=== Begin Enclosure ===

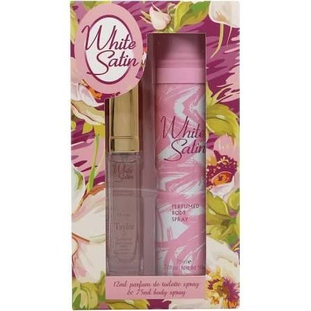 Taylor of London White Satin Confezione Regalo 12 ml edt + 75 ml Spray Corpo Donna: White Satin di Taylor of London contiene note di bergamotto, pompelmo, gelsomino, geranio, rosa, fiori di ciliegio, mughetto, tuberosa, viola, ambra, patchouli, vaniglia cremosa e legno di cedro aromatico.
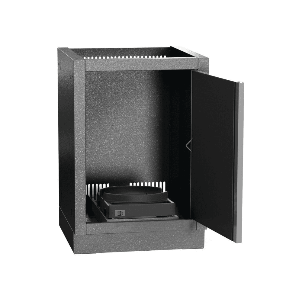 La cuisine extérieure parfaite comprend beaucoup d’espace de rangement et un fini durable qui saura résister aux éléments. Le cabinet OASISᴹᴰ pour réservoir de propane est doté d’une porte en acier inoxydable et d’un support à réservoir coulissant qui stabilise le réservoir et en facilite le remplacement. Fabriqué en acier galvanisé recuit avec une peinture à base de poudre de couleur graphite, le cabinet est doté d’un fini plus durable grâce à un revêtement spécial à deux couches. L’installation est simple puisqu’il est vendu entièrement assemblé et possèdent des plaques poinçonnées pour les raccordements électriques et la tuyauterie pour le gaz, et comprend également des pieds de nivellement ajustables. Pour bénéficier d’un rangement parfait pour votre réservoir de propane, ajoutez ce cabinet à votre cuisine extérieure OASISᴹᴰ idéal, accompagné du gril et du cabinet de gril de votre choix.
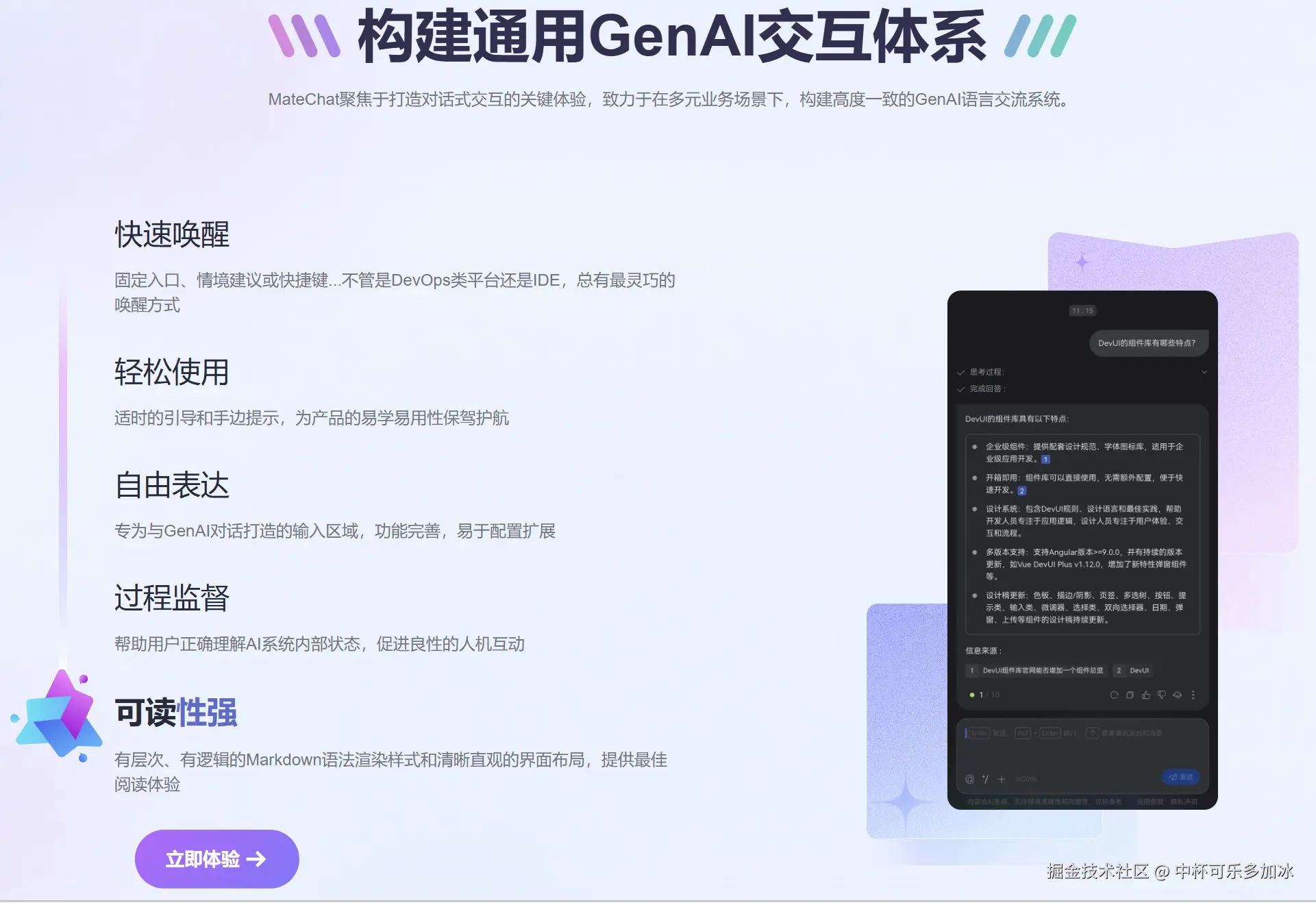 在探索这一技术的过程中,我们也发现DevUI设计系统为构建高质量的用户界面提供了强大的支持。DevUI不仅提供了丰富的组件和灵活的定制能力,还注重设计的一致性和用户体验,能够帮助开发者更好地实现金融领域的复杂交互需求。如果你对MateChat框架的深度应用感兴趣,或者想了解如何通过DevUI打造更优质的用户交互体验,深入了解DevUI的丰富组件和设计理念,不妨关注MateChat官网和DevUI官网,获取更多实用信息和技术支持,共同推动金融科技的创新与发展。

=== End Enclosure ===

Retype all the data exactly. Omit pictures.

 Taylor of London White Satin Confezione Regalo 12 ml edt + 75 ml Spray Corpo Donna: White Satin di Taylor of London contiene note di bergamotto, pompelmo, gelsomino, geranio, rosa, fiori di ciliegio, mughetto, tuberosa, viola, ambra, patchouli, vaniglia cremosa e legno di cedro aromatico.
 La cuisine extérieure parfaite comprend beaucoup d’espace de rangement et un fini durable qui saura résister aux éléments. Le cabinet OASISᴹᴰ pour réservoir de propane est doté d’une porte en acier inoxydable et d’un support à réservoir coulissant qui stabilise le réservoir et en facilite le remplacement. Fabriqué en acier galvanisé recuit avec une peinture à base de poudre de couleur graphite, le cabinet est doté d’un fini plus durable grâce à un revêtement spécial à deux couches. L’installation est simple puisqu’il est vendu entièrement assemblé et possèdent des plaques poinçonnées pour les raccordements électriques et la tuyauterie pour le gaz, et comprend également des pieds de nivellement ajustables. Pour bénéficier d’un rangement parfait pour votre réservoir de propane, ajoutez ce cabinet à votre cuisine extérieure OASISᴹᴰ idéal, accompagné du gril et du cabinet de gril de votre choix.
 在探索这一技术的过程中,我们也发现DevUI设计系统为构建高质量的用户界面提供了强大的支持。DevUI不仅提供了丰富的组件和灵活的定制能力,还注重设计的一致性和用户体验,能够帮助开发者更好地实现金融领域的复杂交互需求。如果你对MateChat框架的深度应用感兴趣,或者想了解如何通过DevUI打造更优质的用户交互体验,深入了解DevUI的丰富组件和设计理念,不妨关注MateChat官网和DevUI官网,获取更多实用信息和技术支持,共同推动金融科技的创新与发展。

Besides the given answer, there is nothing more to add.